What does the law mean, Lewis asks, for businesses that advertise their skill or reputation? If you brag you’re the “best baker in the tri-city area,” will the IRS use those claims against you? Will restaurants owned by celebrity chefs get taxed differently from other restaurants?
‘One big problem’
Tax professionals are poring over old IRS regulations and rulings looking for clues. Lobbyists aren’t consultants, according to a 1988 IRS memo. Another obscure regulation tries to distinguish brokers, consultants and salespeople based on how they get paid.

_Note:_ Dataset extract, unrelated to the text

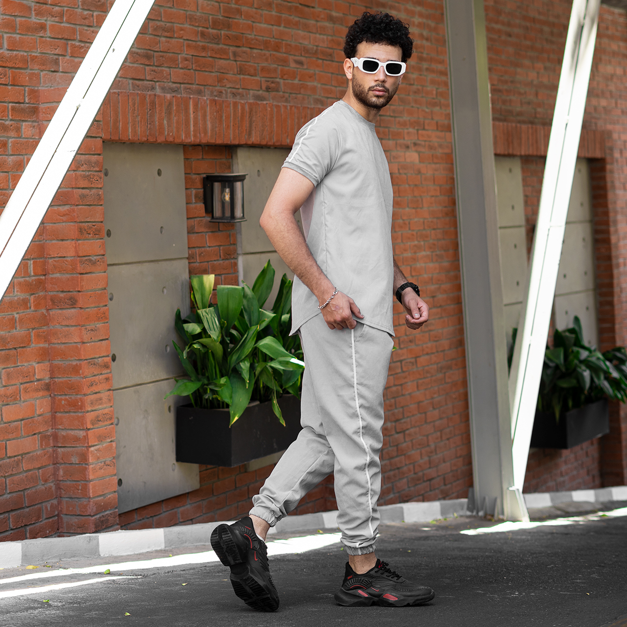 ست تیشرت شلوار مردانه طوسی مدل uota
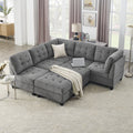 L Shape Modular Sectional Sofa,Diy Combination,Includes Three Single Chair ,Two Corner And Two Ottoman,Grey Chenille Grey Foam Chenille

The final version of the bill took “engineers and architects” off the list of service professionals. Professions like interior decorators and designers could be caught up in disputes over whether they’re more like architects or consultants.
“You can see how fine the line is,” said Megan Lisa Jones, a tax attorney at Clark & Trevithick in Los Angeles. “The IRS can decide one thing and the court can decide another.” Individual IRS examiners could end up disagreeing with each other, she said.
Even some defenders of the tax overhaul find fault with the pass-through provision.
University of Michigan law professor Reuven Avi-Yonah said in a recent paper that he supports most of the tax law’s provisions such as the doubling of the standard deduction, reduced corporate tax rate and international changes.
But he cited the pass-through deduction as the “one big problem” that creates “an unworkable, unadministrable mess.”